3. [**Synchronously with optional result dataframe**](#execute_sql) - submit, wait (until the query is completed), and return a tuple (data, job_id), where data is the optional result dataframe: `execute_sql()`  (`run()` when using *sql_magic*)

The last option is useful to help avoiding Python runtime memory overload. Another alternative to deal with big result sets is to paginate the result i.e. use the `pagesize` option, for details see [**paginated result**](#paginated). 

A Data Engine instance with free Lite plan can process one query at a time. A standard plan instance can by default process 5 concurrent queries, which can be increased via support ticket. When the maximum has been reached the Python SDK will retry (with progressive backup timing) as many times as has been specified in the **max_tries** when initializing the client.

## <a id="synchronous"></a> 5.1 Synchronous Execution() 

This method provides a synchronous SQL execution mechanism. In the subsequent cell the above SQL statement is submitted. The method waits for the excution to be finish. The queried data are returned synchronously as a dataframe. 

In [None]:
result_df = sqlClient.run_sql(sql)
if isinstance(result_df, str):
    print(result_df)

In [None]:
result_df.head(10)

In the subsequent call you see how easy it can be to visualize your result. 

In [None]:
ax = result_df.FirstName.value_counts().plot(kind='bar', title="Orders per Employee")
ax.set_xlabel("First Name")
ax.set_ylabel("Order Count");

## <a id="lowlevel"></a> 5.2 Asynchronous Execution

In the subsequent cell the earlier created SQL statement is submitted. The method returns right away without waiting for the completion of the job execution. 
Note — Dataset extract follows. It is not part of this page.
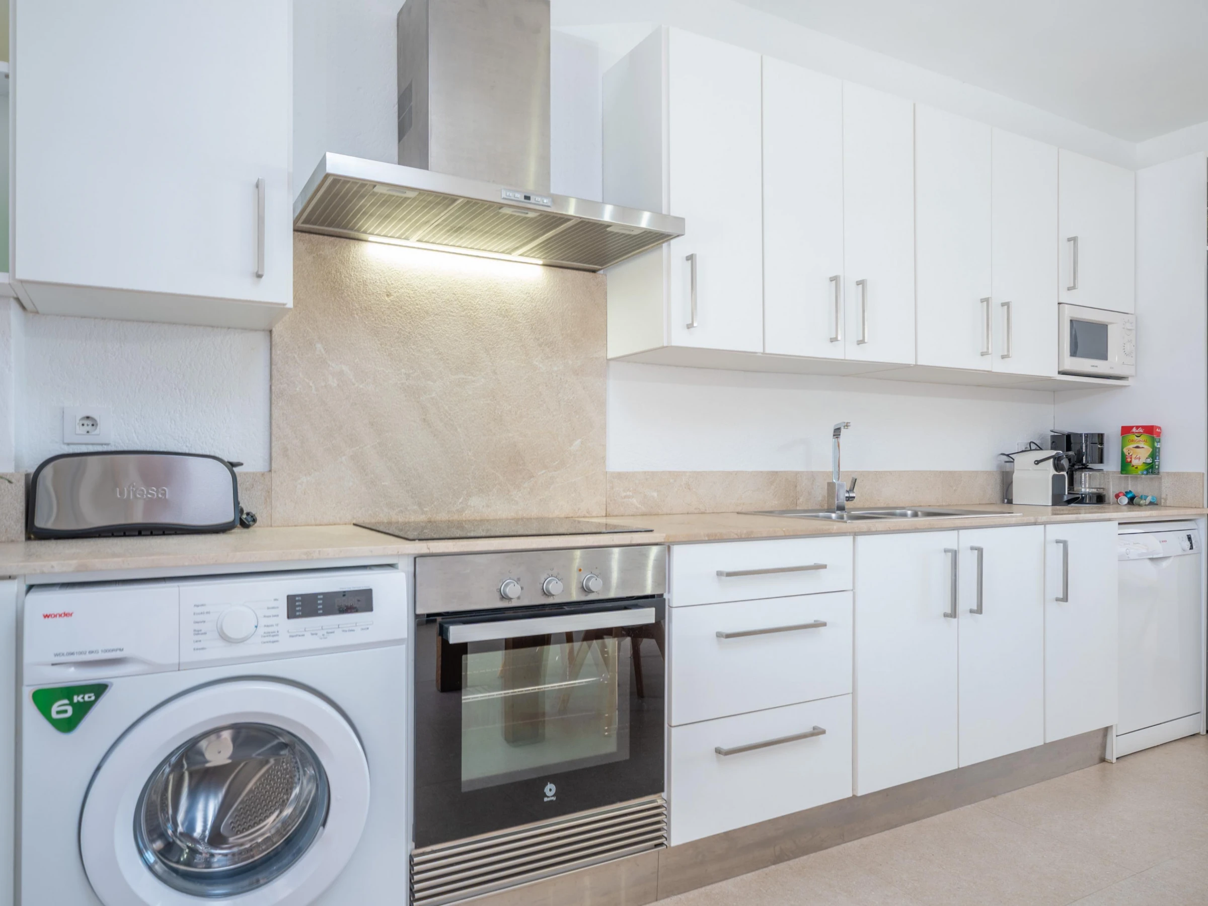 La cuisine, est équipée avec réfrigérateur, micro-ondes, four, congélateur, lave-vaisselle, cafetière et grille pain.
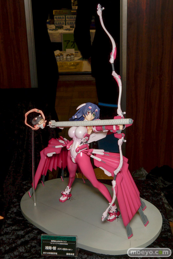 「宮沢模型 第32回 商売繁盛セール」の会場で、本日(12月19日)より予約が開始した、コトブキヤ「境界線上のホライゾン 浅間・智 ズドン巫女ver.」の彩色サンプルが展示!『原作の川上稔氏、イラストレーターさとやす氏の徹底監修により、作中の姿を完全再現』というもので、製品版では原作の川上稔氏のアイデアをもとにパーツの差し替えにより、『梅椿』を「つがえた状態」と、放った後の「残身状態」を再現できるそうです。

`submit_sql()` runs the given SQL string,  while `submit()` runs the internally via `sql_magic` module generated SQL string .

In [None]:
jobId = sqlClient.submit_sql(sql)
print("SQL job submitted and running in the background. jobId = " + jobId)

In [None]:
print("Job status for " + jobId + ": " + sqlClient.get_job(jobId)['status'])

Use the `wait_for_job()` method as a blocking call until your job has finished:

In [None]:
job_status = sqlClient.wait_for_job(jobId)
print("Job " + jobId + " terminated with status: " + job_status)
if job_status == 'failed':
    details = sqlClient.get_job(jobId)
    print("Error: {}\nError Message: {}".format(details['error'], details['error_message']))

Use the `get_result()` method to retrieve a dataframe for the SQL result set:

In [None]:
result_df = sqlClient.get_result(jobId)
print("OK, we have a dataframe for the SQL result that has been stored by Data Engine in " + sqlClient.get_job(jobId)['resultset_location'])

### Alternative method for asynchronous SQL submission using the internal statement created earlier using *sql_magic* :

In [None]:
print("Internal SQL string created earlier using sql_magic:\n ")
sqlClient.print_sql()



In [None]:
jobId= sqlClient.submit()
print("\nSQL job submitted and running in the background. jobId = " + jobId)

In [None]:
job_status = sqlClient.wait_for_job(jobId)
print("Job " + jobId + " terminated with status: " + job_status)
if job_status == 'failed':
    details = sqlClient.get_job(jobId)
    print("Error: {}\nError Message: {}".format(details['error'], details['error_message']))

## <a id="execute_sql"></a> 5.3 Synchronous execution with optional result dataframe

The synchronuous execution of an SQL statement with run_sql() can cause Python runtime memory overload when the result set is big. Therefore a synchronous execution method is provided which allows to control whether the result set is to be returned as dataframe or only stored on cloud object storage.   

`execute_sql()` submits the sql statement, waits (until the query is completed), and returns a named tuple (data, job_id), with data being a dataframe optionally filled with the queried data. The option `get_result` controls if data are returned in the dataframe `data` or only stored on cloud object storage.  Setting get_result = "false"  is recommended if the result set is expected to be big. An alternative to deal with big result sets is to use pagination which is possible using the the `pagesize` option as described later.  

In [None]:
result = sqlClient.execute_sql(sql, get_result=True) 
display(result.data)

The equivalent method to run a SQL statement that was generated with *sql_magic* is `run()`.   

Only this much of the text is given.